One big part of designing a solution is understanding how the design compares to the other things out there that are similar. What has been done already? What are other users and designers doing in this space? In some cases, the design might be one of a kind, but in the case of Horizon, there are a fair amount of other players in the space. I took some time recently to look into some of the other UIs that exist. It gave me a good idea of how Horizon stacked up compared to these other UIs:
Google Compute Engine
Amazon Web Services
This exercise gave me some great inspiration for improvements that could be made to Horizon. What are others doing out there to solve the needs that Horizon can’t solve for users? How can we improve Horizon to meet these needs? Here are some of the things that I noticed from a design perspective.
If you’ve used OpenStack enough, you know that certain tables begin to grow to be extremely large. Currently, there is a filter function on the Instances table within Horizon, but it’s not quite as slick as the one that is available in Asgard. A simple, yet powerful search which gives instant feedback to the user will be crucial to be available on all of the tables that continue to grow as OpenStack users continue to gain more and more historical data. Here is a look at a section of a table with 564 items in it. The user does have the option to sort by any of the columns available in the table, but more powerfully, they can start typing in the filter text box to start weeding down the table items:
As the user starts typing, the table below is filtered automatically, and quickly:
Azure is overall a very polished UI. One thing that stuck out to me as great inspiration is the simplicity of the wizards in this UI for creating items in your cloud. Although this slickness can be done in many different ways, the Azure designers chose to use vertical blades to show the number of steps and the progress that the user has made through the wizard.
Another very nice design decision that the Azure team made was to build responsive forms. As a user navigates through all of the fields for which they need to provide data, the forms are constantly checking for errors inline. The user will notice right away if a field that requires a unique name needs to be changed before they continue filling out the form. It’s a nice time saver for later on when they click the “Create” button and don’t have to go back to the form to figure out which errors may need to be fixed. Take a look at this design in action:
The PayPal designers have done a great job taking the information available via OpenStack and reworking the Information Architecture in their Aurora UI. Take a look at a snapshot of their current navigation structure:
Not only have they grouped things logically in buckets that the user might be looking to act on, but they’ve included breadcrumbs above the working area on the left for users to be able to ground themselves on where they are at any time in the application. This is especially useful if the user has drilled down into a low level details page. Overall, I think this Information Architecture is a huge improvement over the one in Horizon.

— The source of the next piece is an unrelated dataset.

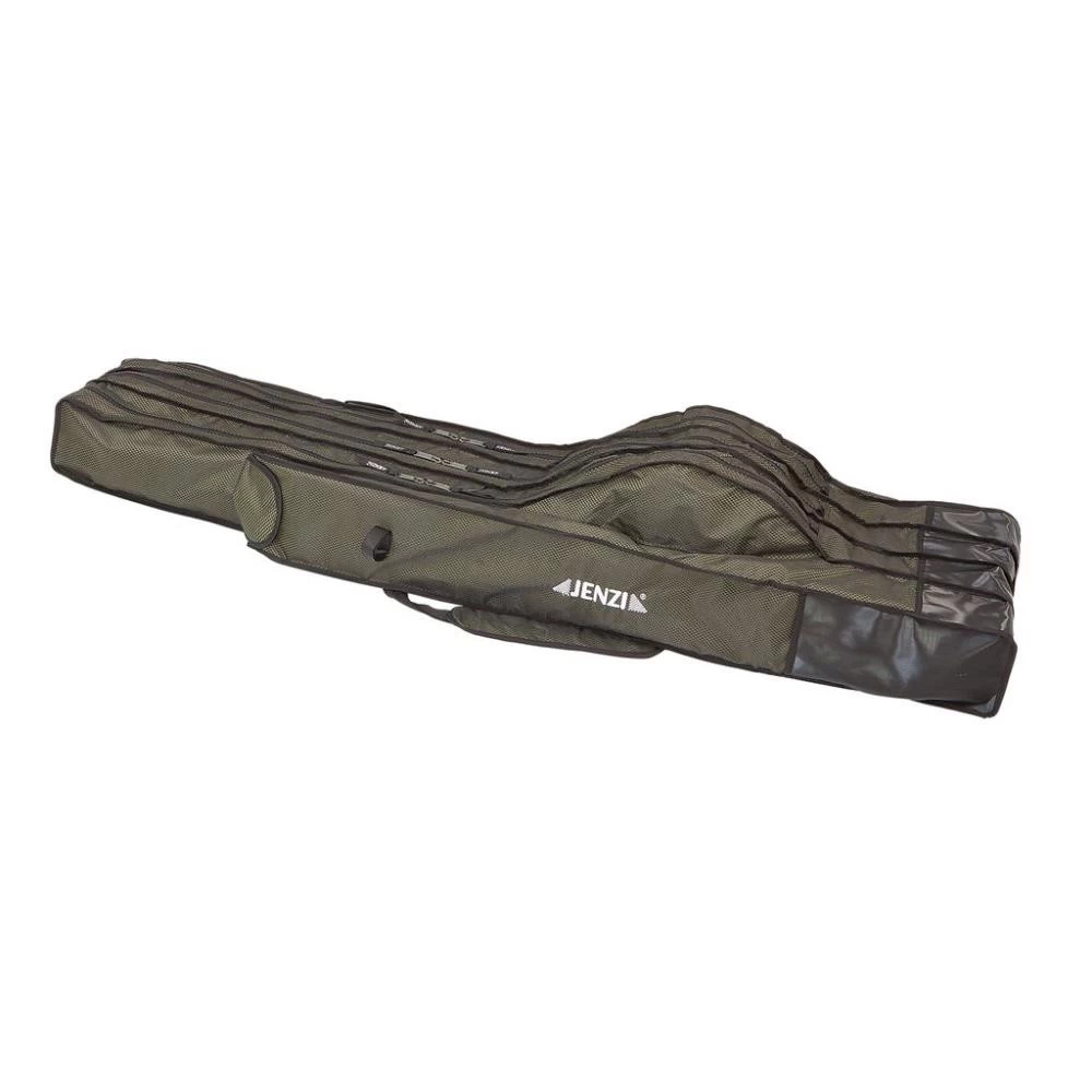 Das Rutenfutteral ist sehr praktisch und zweckmäßig für den Transport von ca. 3-5 komplett montieren Angelruten. Es hat 3 separate Fächer mit Reißverschluß – und 2 aufgesetzten Außentaschen für Kescher, Rutenhalter, Banksticks usw. Es ist komfortabel zu Tragen, dabei unterstützen 2 gepolsterte Schultergurte. Ein schickes Design runden das Profil ab. Das Material besteht aus 100 % Polyester.

I personally haven’t had the chance to use CloudStack, but any time I catch a glimpse of the dashboards that are in their UI, I know the designers are doing it right. The information is organized in a clear and concise way without too much clutter. It looks as though the folks working on this UI have done research to figure out what is the most important data to surface to users at a glance, and they’ve left the rest to further drill down detail pages. The visuals are soft are inviting which makes it easy for users to have up on one of their screens throughout the day if needed for monitoring a cloud environment. Here are some of the examples I’ve seen out there:
Google Compute Engine
I hadn’t tried out Google Compute Engine before, so when I gave it a go I was pleasantly surprised at the first time user experience. Rather than dropping the user into an Overview with statistics that are empty considering they haven’t spun up any instances, Google decided to try and push the user in the right direction. They give a few options right off the bat:
Another important decision that Google made was to be sure to give users plenty of information before they decide to take certain actions. For example, when a user tries to delete a project (a pretty huge action), they are given a description of what will happen next if they confirm the action. I think this is a great view into designers thinking about how certain actions will impact users long term:
Amazon Web Services
Amazon Web Services includes a ton of different applications that a user can take advantage of. They’ve done a great job organizing their information architecture to handle all of these selections. One key design feature they added was to take into consideration the importance of horizontal screen space and to allow the user to hide/show the left hand navigation as needed.
The dashboard in this view is also something to note. The designers have included a mixture of statistics along with common actions that they know a user will want to take when they jump into this UI.
Are there any features that you’ve seen out there that inspire you to have something better in Horizon? These are definitely some of the things that have caught my eye. Let me know if you have seen any others, I’m happy to log blueprints and put together designs!